▼

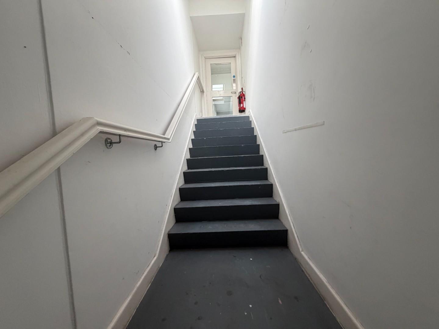 1000sqft accessed by stairs there is an emergency exit and electric heating.
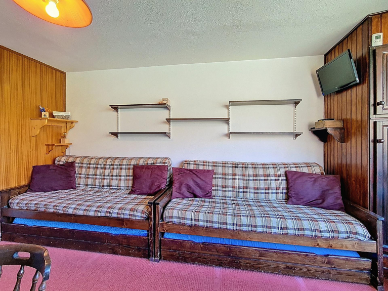 Woonkamer: 1 slaapbank + 1 slaapbank en een uitschuifbaar bed. Uitgerust met een televisie.
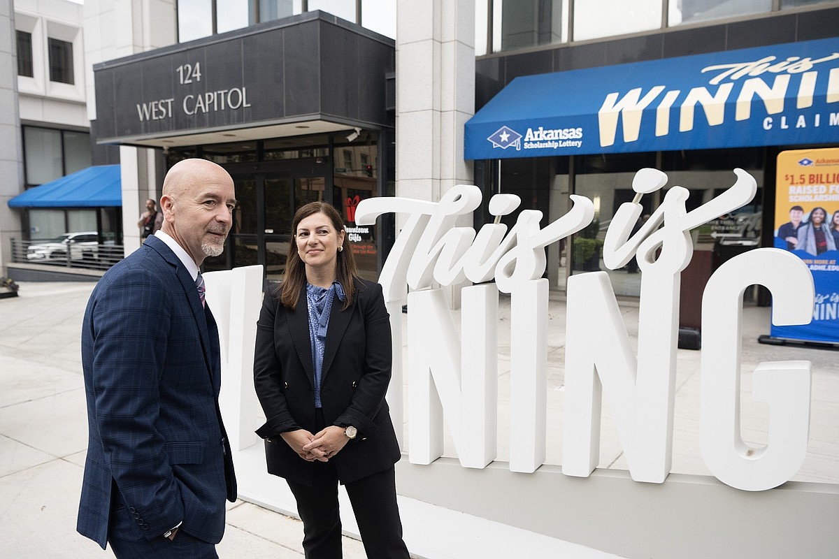 The director of the Arkansas Scholarship Lottery and state’s higher education commissioner on Thursday touted the transfer of $48 million to the Arkansas Division of Higher Education to fund college scholarships for the fall semester as the largest transfer in the lottery’s 16-year history.
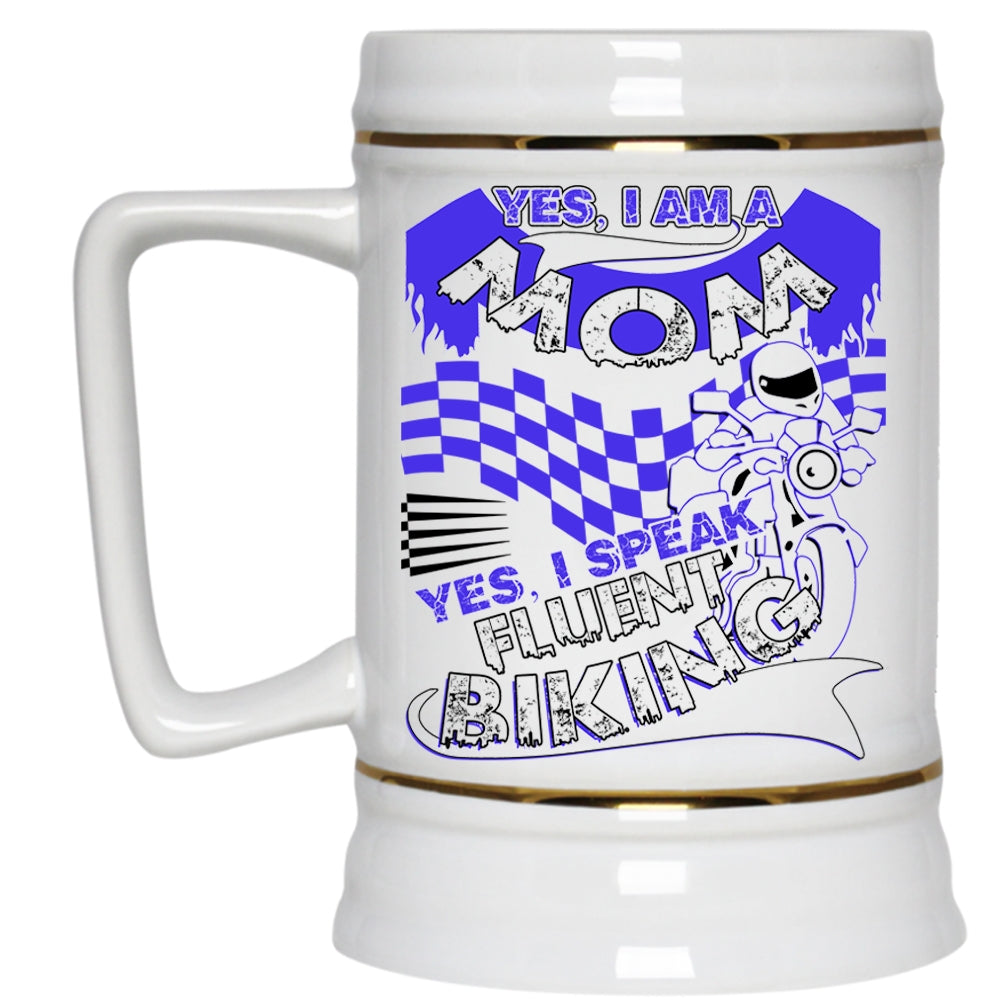 Yes I Speak Fluent Biking Beer Stein 22oz, I Am A Mom Beer Mug
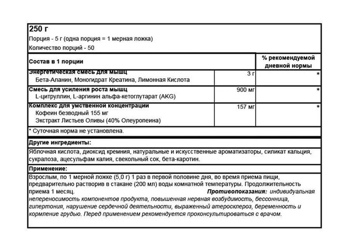 В зависимости от интенсивности предстоящей тренировки, а также индивидуальных физических показателей, размер порции может варьироваться от 1 до 3 мерных ложек порошка. Перед каждым приготовлением предтренировочного напитка рекомендуется встряхнуть содержимое банки. Смешать порцию с 150-250 мл воды. Готовый напиток выпить за 30-45 минут до тренировки. Не пейте более трех мерных ложек в течение 24 часов.
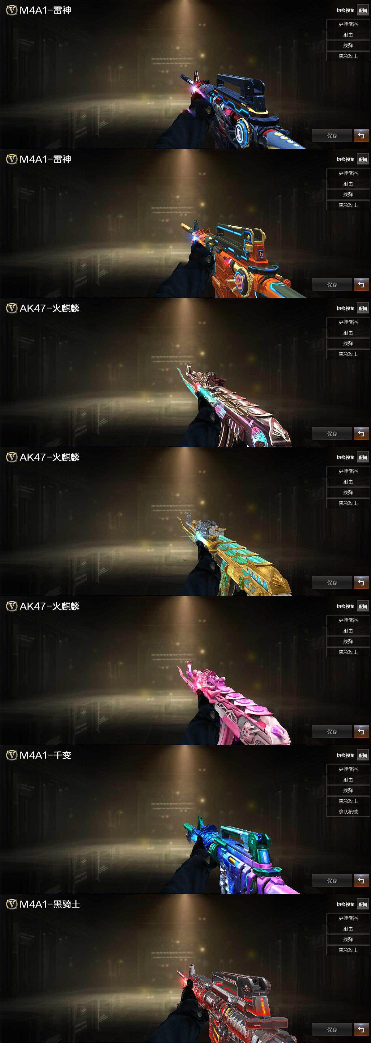 【皮肤】:雷神-R.LGD-CFPLS18冠军,雷神-源计划2.0专属 皮肤,火麒麟-百城,火麒麟-大唐荣光,火麒麟-心动糖果,M4A1-千变-孔明皮肤,黑骑士-暗月

▲

■ **DESCRIPTION OF THE TASK**
The expected output is an exact copy of the lines from the top of the data above through the line containing "Woonkamer: 1 slaapbank", both included, with every picture omitted.

■ **PROBLEM SOLUTION**
 1000sqft accessed by stairs there is an emergency exit and electric heating.
 Woonkamer: 1 slaapbank + 1 slaapbank en een uitschuifbaar bed. Uitgerust met een televisie.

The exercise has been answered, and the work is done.